Wild & Natural Places

Protecting the Driftless Area

ELPC is working to protect the Driftless Area from the unnecessary, 17-story Cardinal-Hickory Creek transmission line which would cause undue harm to the unique landscape.

The Driftless Area is the Midwest’s premier biodiversity hotspot, covering the ancient landscape surrounding the Mississippi River as it flows through northern Illinois, western Wisconsin, eastern Minnesota and eastern Iowa.

The area contains a high concentration of unique topographical and geological features, like hundreds of rare cold-water tributary streams that flow in and out of porous limestone “karst” rock formations and into the Mississippi River. Because of that unique geology, the Driftless Area contains dozens of uncommon species of reptiles, amphibians and plants, with abundant populations of native fish. The region plays a critical role as a rest and feeding stop for more than half of North America’s bird species, forming the largest contiguous area of fish and wildlife habitat remaining in the central United States.

The Driftless Area, like other special natural places, is under threat from development and resultant habitat fragmentation and degradation, pollution, the spread of invasive alien species and climate change.
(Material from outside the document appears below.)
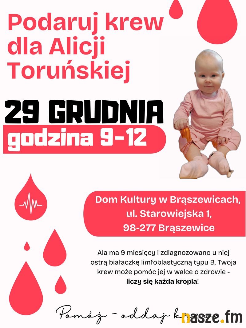 Dlatego 29 grudnia w godzinach 9-12 w Domu Kultury w Brąszewicach odbędzie się zbiórka krwi dla dziewczynki. Każdy dawca będzie mile widziany. Organizatorzy akcji z góry dziękują za wsparcie!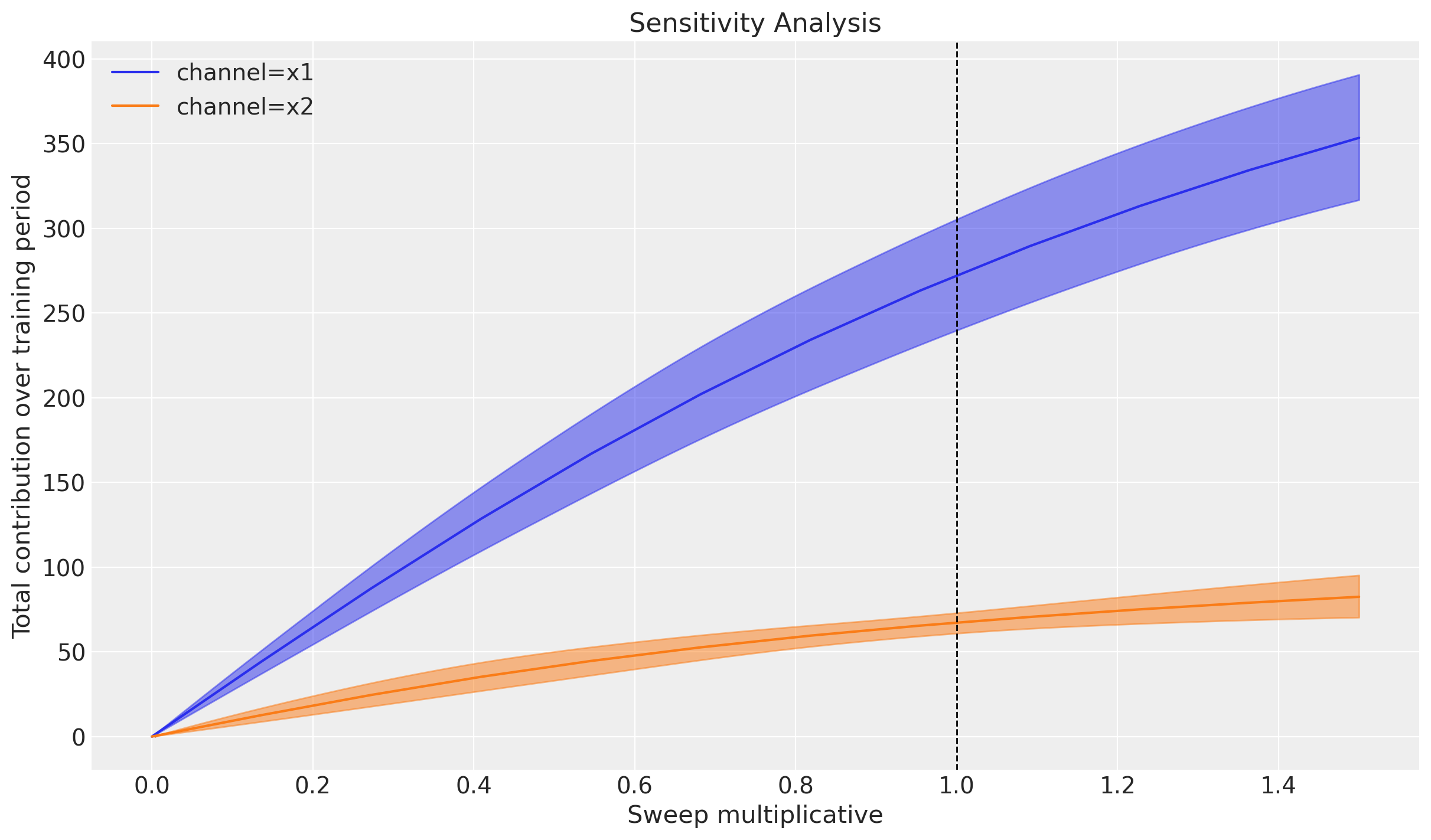 Now, given the DAG outlined above, we understand that there is a causal relationship between marketing and sales, but what is the nature of that relationship? In this case, we will assume that this relationship is not linear, for example, a \(10\%\) increase in channel \(x_{1}\) spend does not necessarily translate into a \(10\%\) increase in sales. This can be explained by two phenomena:

If action is not taken soon, many native species and ecosystems will disappear.

What is ELPC Doing?

ELPC is representing the Driftless Area Land Conservancy (DALC) in a campaign against a proposed new high voltage transmission line that would run from Dubuque County, Iowa to Middleton, Wisconsin, just west of Madison. This new power line would cross the Upper Mississippi River National Wildlife and Fish Refuge near Cassville, Wisconsin, and then cut a swath through the Driftless Area of southwest Wisconsin, a unique and scenic landscape. The Cardinal-Hickory Creek transmission line, proposed by the American Transmission Company (ATC), Iowa Transmission Company (ITC), and Dairyland Power Cooperative, would feature towers up to 17 stories tall, negatively affect many special natural resource areas in Wisconsin, including the Military Ridge Prairie Heritage Area, Governor Dodge State Park, Military Ridge State Trail, Dodgeville and Wyoming Oak Woodlands/Savanna Conservation Opportunity Area, the Pecatonica State Trail, and the Ice Age State Trail. It would have broad-reaching adverse effects, from impacts on endangered species to tourism to farming operations to property values.

“The proposed Cardinal-Hickory Creek line would cut across the wildlife refuge and stretch northeast toward Madison on towers as tall as 17-story buildings through the Driftless Area — a geological anomaly where the pancake flat Midwest gives way to forested hills and the picturesque barns of family-owned dairy farms.” -Michael Hawthorne, Chicago Tribune

ELPC is working to show decision-makers and stakeholders that this huge new high voltage transmission line is not needed. In fact, electricity demand in southwest and central Wisconsin and points eastward is flat or declining. Even if there was a need for electricity in the area, it could be better and more efficiently met through energy efficiency, demand management, distributed generation, storage, and local renewable energy resources, which would provide local jobs and support the local economy.

The Public Service Commission of Wisconsin approved the transmission line in August 2019. ELPC has filed a lawsuit in the Dane County circuit court on behalf of its clients challenging this approval. ELPC also filed a separate lawsuit in federal district court challenging the Commissioners’ refusal to recuse themselves, even though two of the three Commissioners have close ties to proponents of the line.

In February 2020, the U.S. Department of Agriculture’s Rural Utilities Service released the Record of Decision, the last step in its environmental review process. The Rural Utilities Service’s environmental review has several flaws, including failing to consider how technologies like distributed generation and battery storage could more cheaply provide the same benefits to the electric grid while avoiding significant impacts to the environment. At the same time, the U.S. Fish and Wildlife Service issued a determination that it could move forward with permitting the construction of the transmission line through the Upper Mississippi River National Wildlife and Fish Refuge. The Fish and Wildlife Service tries to argue that the Cardinal-Hickory Creek transmission line would only be a minor realignment of an existing power line, even though it is an entirely new project. ELPC is considering challenges to these agency decisions.